Rather, I think would-be lawyers expect progressives (whom they tend to identify with) to not use them as propaganda targets to score points with perceived working class constituencies. I’m reminded of when the New America Foundation, which Lind co-founded, did just this when it sensationalized the changes to the already-generous IBR by saying the graduates of a high-debt, poor-outcome law school were essentially welfare beneficiaries because they were so amazingly educated. The rich lawyers get all the goodies while Pell languishes!

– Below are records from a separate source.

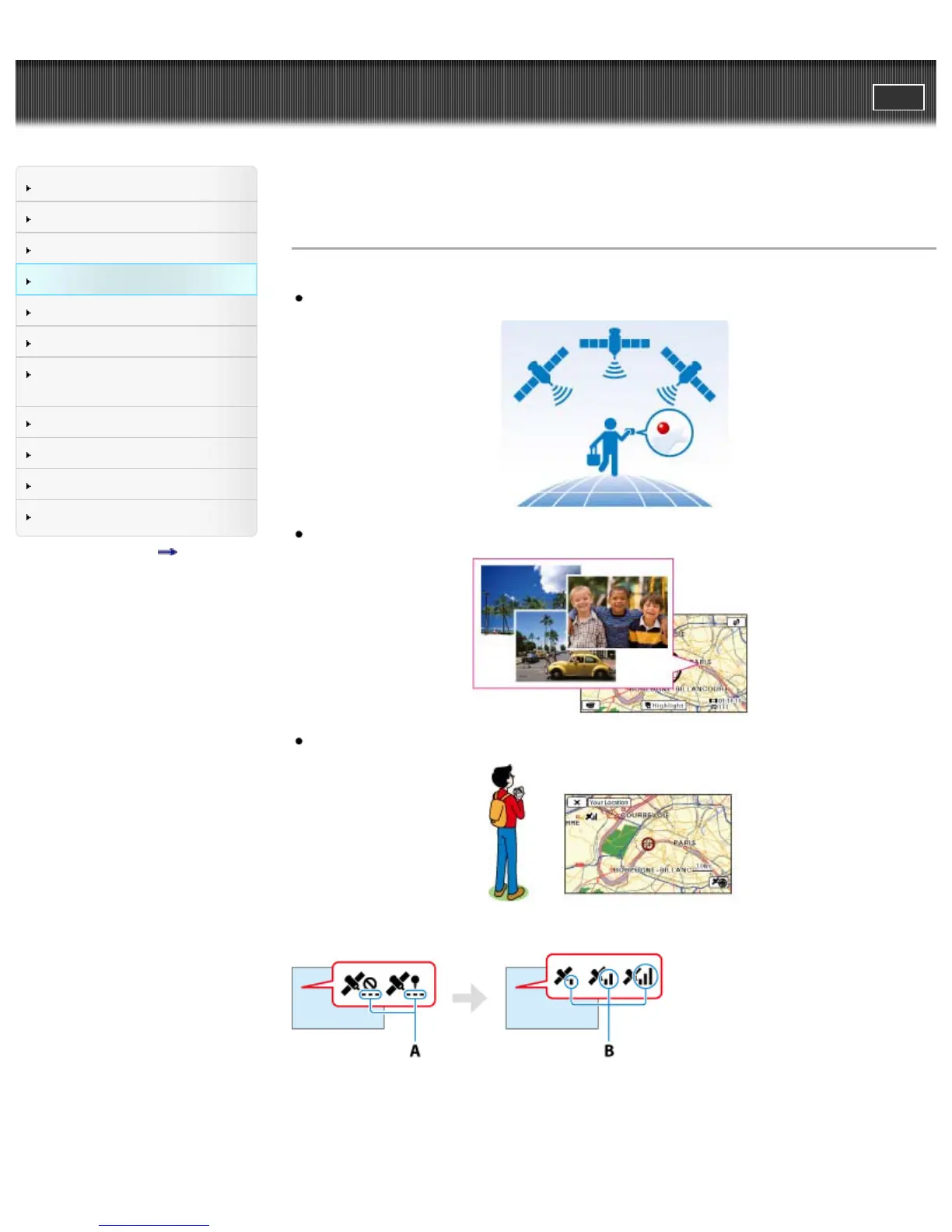 Top page > Recording > Recording information on your location (GPS) > Features available using GPS
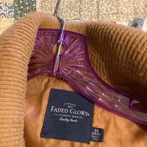 Goldish brown faux leather ladies bomber style jacket. Fully lined. A cross between Amelia Earhart and a motorcycle jacket!!
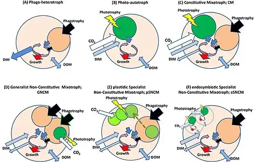 Several categorization schemes have been suggested to characterize sub-domains within mixotrophy.
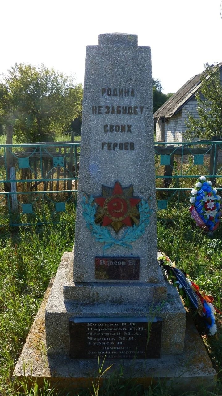 На месте захоронения установлен обелиск с барельефом Ордена Отечественной войны и мемориальной надписью: «Родина не забудет своих Героев».
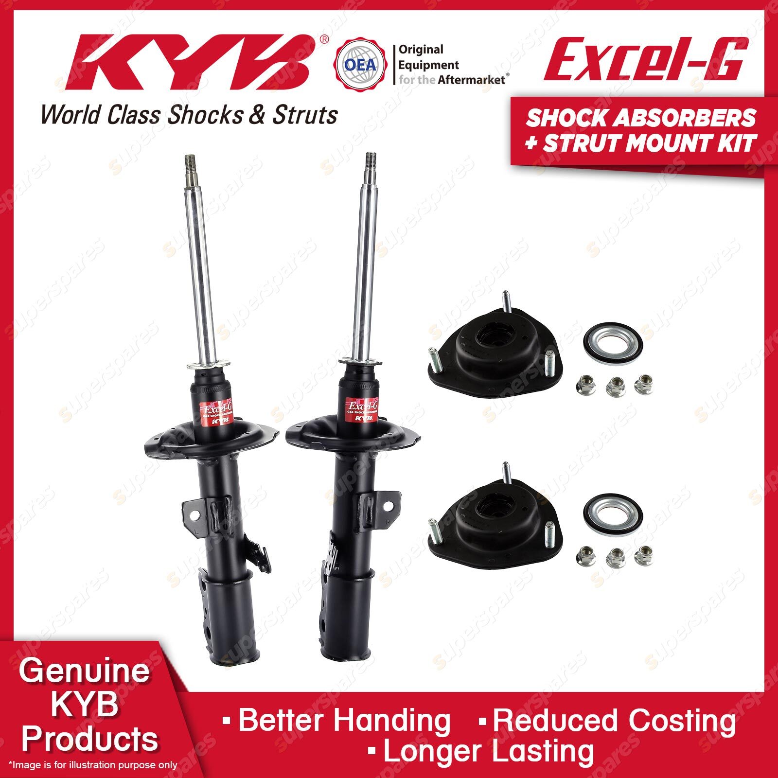 The best choice to replace your MacPherson Strut to ensure comfort and a steady ride. Our patented valving and the use of pressurised nitrogen gas in the Excel-G range will restore riding comfort and, at the same time, dramatically reduce the aeration or foaming that commonly occurs in other shock absorbers. Outstanding features include: * Multi-lip oil seal extends life.
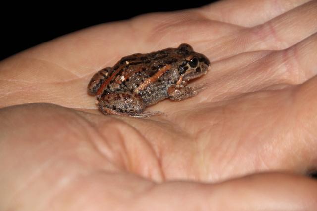 The frog is a Salmon striped frog.. it burrows underground or under logs and rocks to avoid drought..![]()
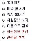 3. 위의 메뉴중 제일 아래 2개 빨간 메뉴는 관리자 전용 메뉴입니다. 3. 관리자 전용메뉴는 글쓴이에 대해서 추적하거나 불량 회원으로 판단, 레벨 변경등을 할때 바로 해당 3. 페이지로 이동할수 있으므로 매우 편합니다. |
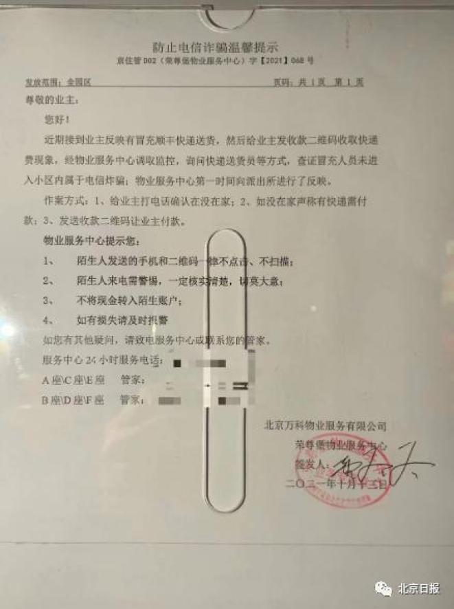 “近期,接到业主反映有冒充快递送货,然后给业主发收款二维码收取快递费的现象,我们调取了监控、询问了快递送货员,查证冒充人员并未进入小区内,而是采取了电信诈骗的方式,他的作案手段就是先给业主打电话确认业主没在家,然后声称有到付快递,发送收款二维码让业主付款。我们已经第一时间向派出所报了警,并且在业主群和各楼门的公告栏发布了提醒。”荣尊堡物业项目经理董冬冬说。
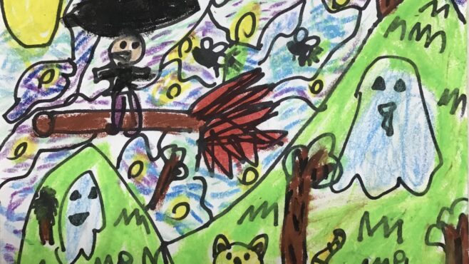 みんなの作品Halloween(ニックネーム:maomi さん) ニックネーム:maomi さん年齢:6歳Bコース「未来の芸術家コース」コメント:Halloweenの楽しいシーンを表現した絵です。豊富な色彩、大胆な構図で表現しています。みんなの作品
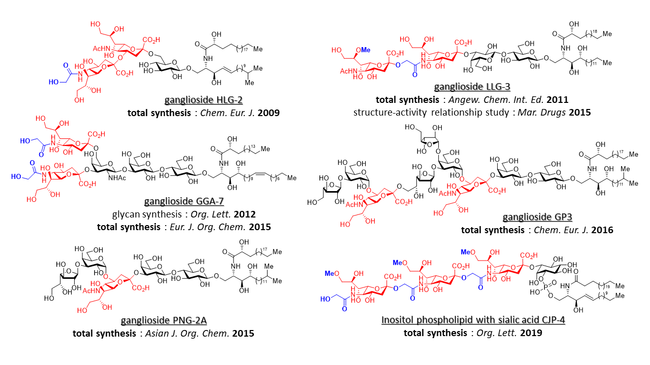 Sialic acid-containing glycolipids isolated from echinoderms, such as sea cucumber and starfish, have been reported to exhibit potent neurite outgrowth activity. Unlike mammalian gangliosides, these glycolipids feature internal sialic acid residues and unique chemical modifications including N-glycolylation and O-methylation, which makes them intriguing not only from a biological perspective but also as synthetic targets. In response to this, we undertook the total synthesis of echinoderm-derived sialic acid-containing glycolipids using glycosylation and synthetic methodologies originally developed in our laboratory. As a result, we have successfully achieved the total synthesis of the following compounds.
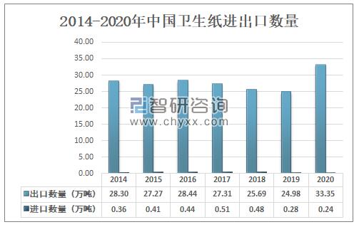 資料來(lái)源:國(guó)家統(tǒng)計(jì)局、智研咨詢整理 三、進(jìn)出口 2020年受新冠肺炎疫情影響,國(guó)外短期內(nèi)出現(xiàn)的衛(wèi)生紙囤貨搶購(gòu)風(fēng)潮拉動(dòng)了中國(guó)衛(wèi)生紙成品的出口。2020年中國(guó)衛(wèi)生紙出口數(shù)量為33.35萬(wàn)噸,較2019年增加了8.37萬(wàn)噸;2020年中國(guó)衛(wèi)生紙進(jìn)口數(shù)量為0.24萬(wàn)噸,較2019年減少了0.04萬(wàn)噸。 2014-2020年中國(guó)衛(wèi)生紙進(jìn)出口數(shù)量
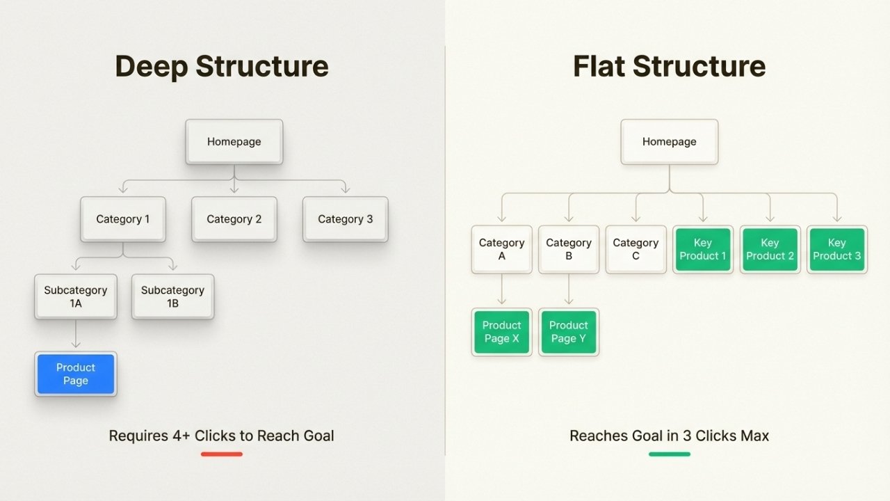 Site architecture is the foundation. A flat structure ensures that every product is reachable in three clicks or fewer from the homepage.

Moreover, even if lawyer-licensing requirements are loosened, which I agree they should be, it won’t result in cheap prices for consumers. Letting in foreign lawyers, a policy futilely advocated by Dean Baker and already implemented in many lawyer-heavy states, will only create a lot of malemployed foreign lawyers. Don’t expect Michael Lind and the progressives to explain why prices haven’t dropped or help clean up the mess anymore than the “absolute-liability” conservatives or million-dollar-law-degree professors will the current one. Meanwhile, the effort progressives spend attacking their educated constituents pointlessly alienates them.
The message that Lind et al. send to law applicants and grads is that they can expect no ideological allies if things don’t work out for them. It even tells them that if they do succeed at law, it’s because they cheated. If there’s a reason not to go to law school, political isolation is it.